The Benefits of Typing Crap - A Reflective Essay


Um. I did this one day in school during recess then saved it on one of the classroom computers in the hopes that some unsuspecting classmate might one day stumble upon it and wonder just what this was...


Typing crap is good for you for several reasons. For one, it will enable you to exercise your finger muscles while not wasting unnecessary energy in your brain - if you are one of the lucky few who have one - to actually think about what you want to type.

You see, typing crap does not require you to have any intelligence beyond the basics needed to know how to move the appropriate finger muscles and press the keyboard keys one at a time to form words. Of course, it would help some if these words actually form sentences with the ability to communicate some meaning or other to the reader, but this is not absolutely essential in crapped up paragraphs.

You know if you have a problem with typing crap if, like me, you just spent the last five minutes or so wondering just how to continue or editing bits of the previous paragraphs. The truly skilled crap-typist would not need to bend to such low levels. He or she should ideally be able to continue typing without a single break in between, whether it be to think about what should come next or to edit any mistakes found in the text.

This usually results in bad spelling, grammar, punctuation or sentence structure, but a slight degrading of the English language should not worry a skilled crap-typist, for such things are unimportant. (I do not disagree, however, that there are times when such things are important; for example, it is usually a good idea to check back on your work during the English composition component of the 'O' Level exams if you do not wish to get a bad mark and ruin both your foreseeable and unforeseeable future as a result.)

The expert crap-typist would have a smooth flow of thoughts, meaningful or otherwise, enabling him or her to be able to type without the time-wasting process of actually thinking. You may not be aware of it, but thinking is simply an overrated aspect of life that tends to waste a lot of precious time that could be better spent elsewhere doing something more productive.

For example, what causes procrastination? Thinking, of course. The procrastinator looks at a piece of homework - say a Biology assignment that requires you to make a paper spinner similar to the Shorea fruit, examine how it floats to the ground, make adjustments by changing one or more variables, see how they affect the paper spinner's flight, plot clear and accurate graphs to represent this, come to a conclusion and finally print out the thing and bring it to school - and thinks, Wow, this is hard. I think I'll conveniently forget about it and go finish my A Maths assignment first before Ms. T kills me.

If the procrastinator never thought out that last thought, he or she would have most probably simply got down to doing said Biology assignment. As it is, the procrastinator chose instead to do an A Maths assignment, which everyone knows can be extremely time consuming if you do not know how to complete more than half of the questions.

Side note: If you find yourself unable to complete an A Maths assignment, one solution is to call Christina. Another solution is to just leave it by the side of the table for several hours while you have a highly productive power nap, and hopefully when you wake up, your mind will be clear and the secrets of the A Maths assignment will be magically revealed to you.

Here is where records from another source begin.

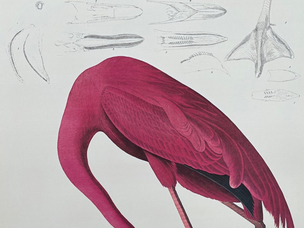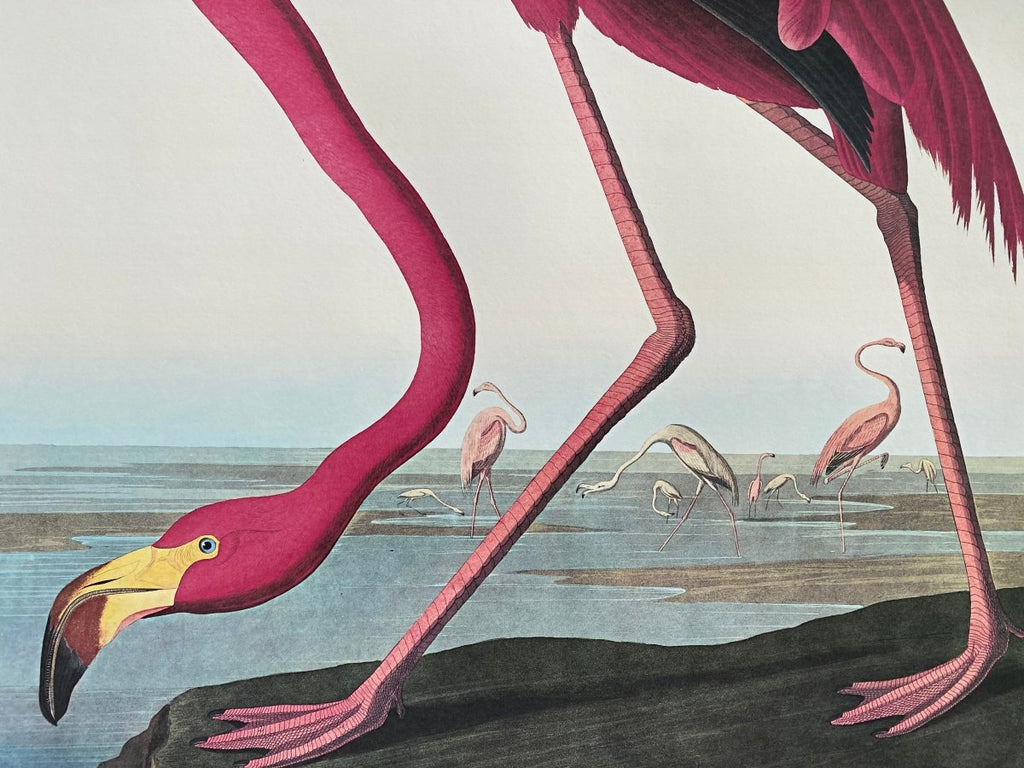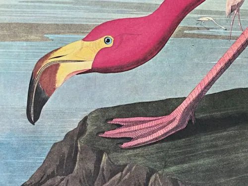 Audubon saw several flocks of American flamingos in the Florida Keys in 1832, and while anxious to obtain a specimen from which to make a painting, he was never able to shoot one. During a stay in London, he wrote repeatedly to his friend John Bachman in Charleston, South Carolina, asking for a specimen. In a letter dated October 31, 1837, he said: “As to flamingos their Eggs &c I fear this is up for me; and this proves to me now that I was a great fool not to have gone to Cuba, or sent a person there expressly….”
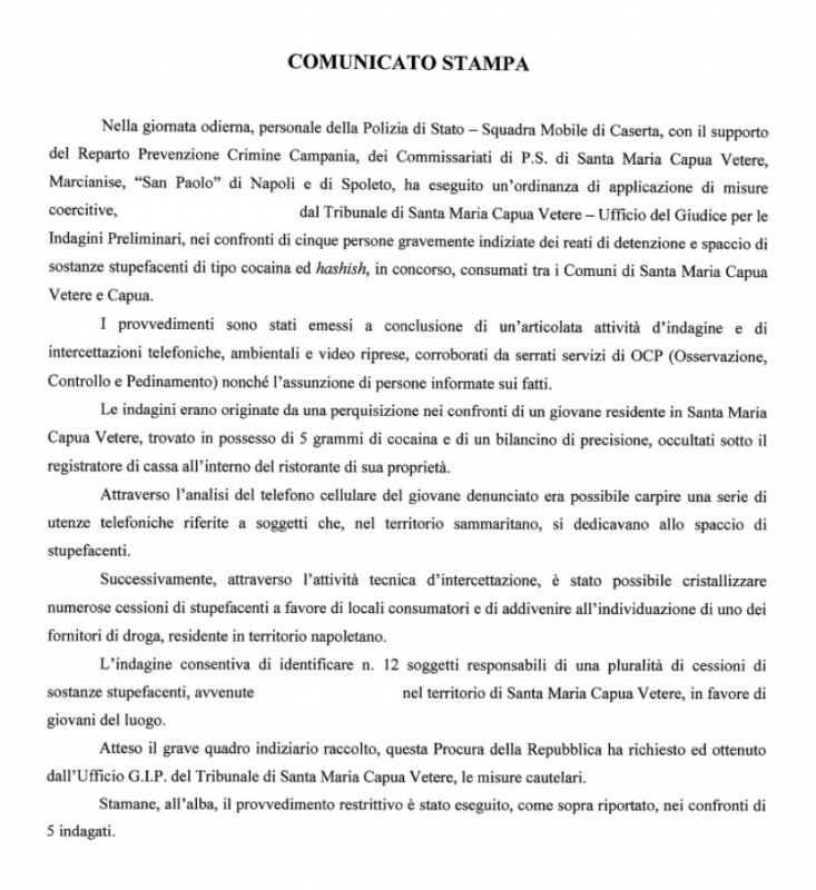Questa parte della nota stampa della Procura di SMCV:
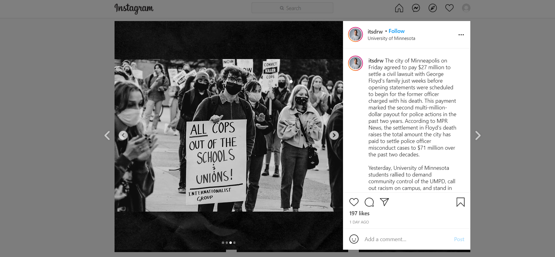Yesterday, University of Minnesota students rallied to demand community control of the UMPD, call out racism on campus, and stand in solidarity with the family of George Floyd.

As proven, thinking can be extremely time wasting, something the skilled crap-typist would not be able to afford. After all, the whole point of typing crap is to, well, type crap. And crap should by right not be well thought out, for once it is, it ceases to become crap. Crap does not like to cease to become itself. This is one of the strange natures of crap, which in fact applies to many different things in the universe.

When done properly, typing crap can actually be a very therapeutic activity. What, after all, can compare to relaxing in your chair, eyes half-closed, with your hands on the keyboard making soothing regularly-paced clicking sounds with the keys? Who can type crap and not feel relaxed after a long day's hard work spent finishing a Biology assignment because Mrs. S.T. came after you to demand about its whereabouts?

Among the many de-stressing activities available nowadays, typing crap is by far the best.

Trust me on this, okay?

Fine, I admit the only reason why I'm doing this is because the INTERNET IS DOWN.